# Victorian Ghost Makeup



## smashinbeauty (Oct 3, 2011)

Here is my latest Halloween makeup called 
  	Victorian Ghost Makeup 





  	For more details on the list of products which were used please read my blog

  	It was a very simple look. 
  	1. apply a white foundation or face paint 
  	2. use dark gray eyeshadow to contour the face (cheeks & eyes) to achieve a more skeleton / starving look 
  	3. use a combination of dark gray and blue to light darken the eye sockets. 
  	4. Use a pail nudish lipstick for lips 
  	5. Apply a gray or white victorian wig 
  	6. Make sure your eyebrow are white 
  	7. very gently move your camera before you take a picture to get the effect above and don't use a flash or make a slight move with no flash


----------



## beezyfree (Oct 8, 2011)

ooh! Niiice!
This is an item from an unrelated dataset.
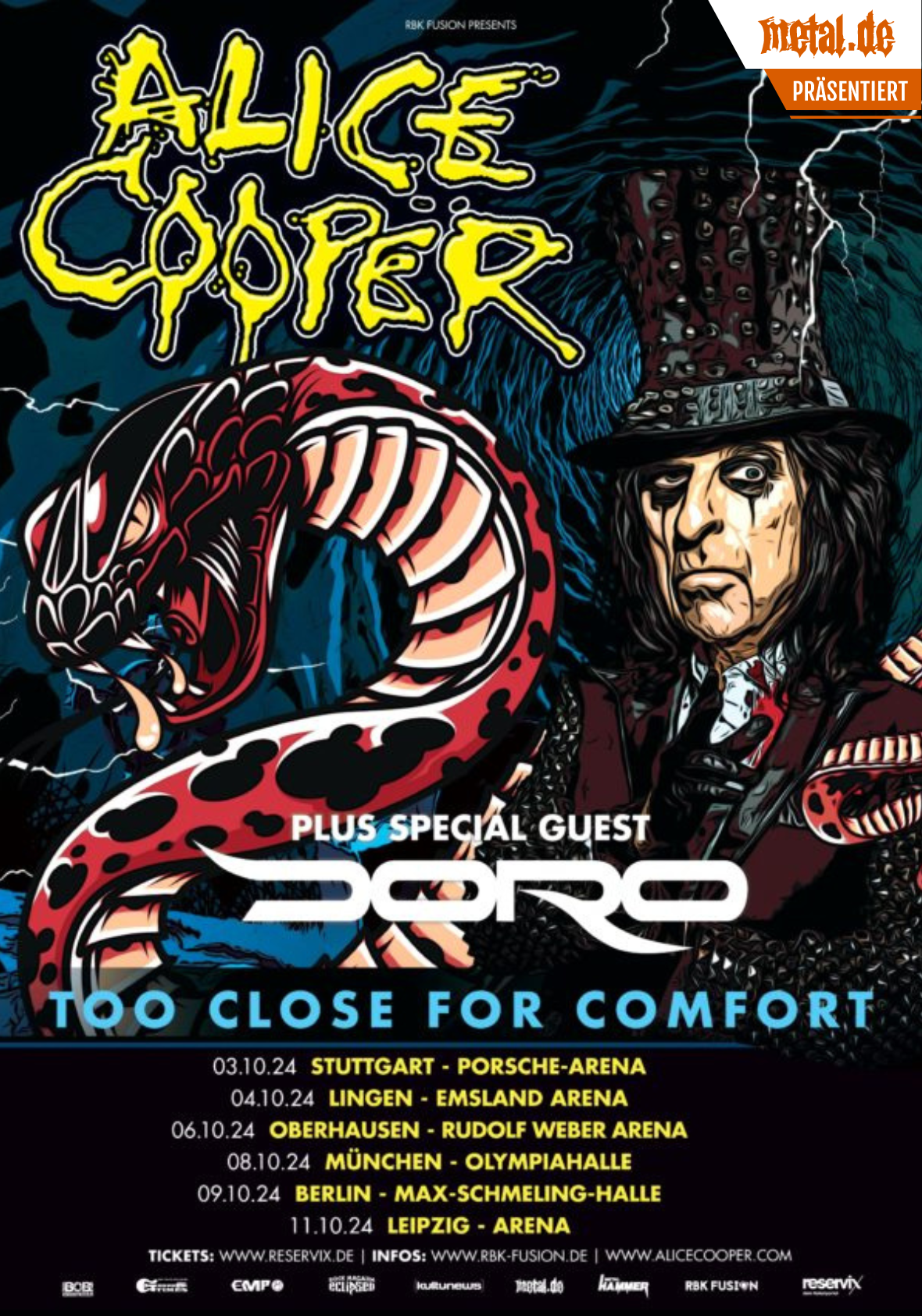 | 11.10.24 | Arena Leipzig, Leipzig Alice Cooper und Doro |

Spooky.


----------



## smashinbeauty (Oct 8, 2011)

Thanks


----------



## pms1228 (Oct 8, 2012)

I was looking for details on your Victorian Ghost Makeup and went to your blog but didn't see anything.  i would like to know if i can get more detail on doing this.  i understand the picture is meant to look spooky but it doesn't give me enough detail to try to replicate it and know what products you used.
  	thanks


----------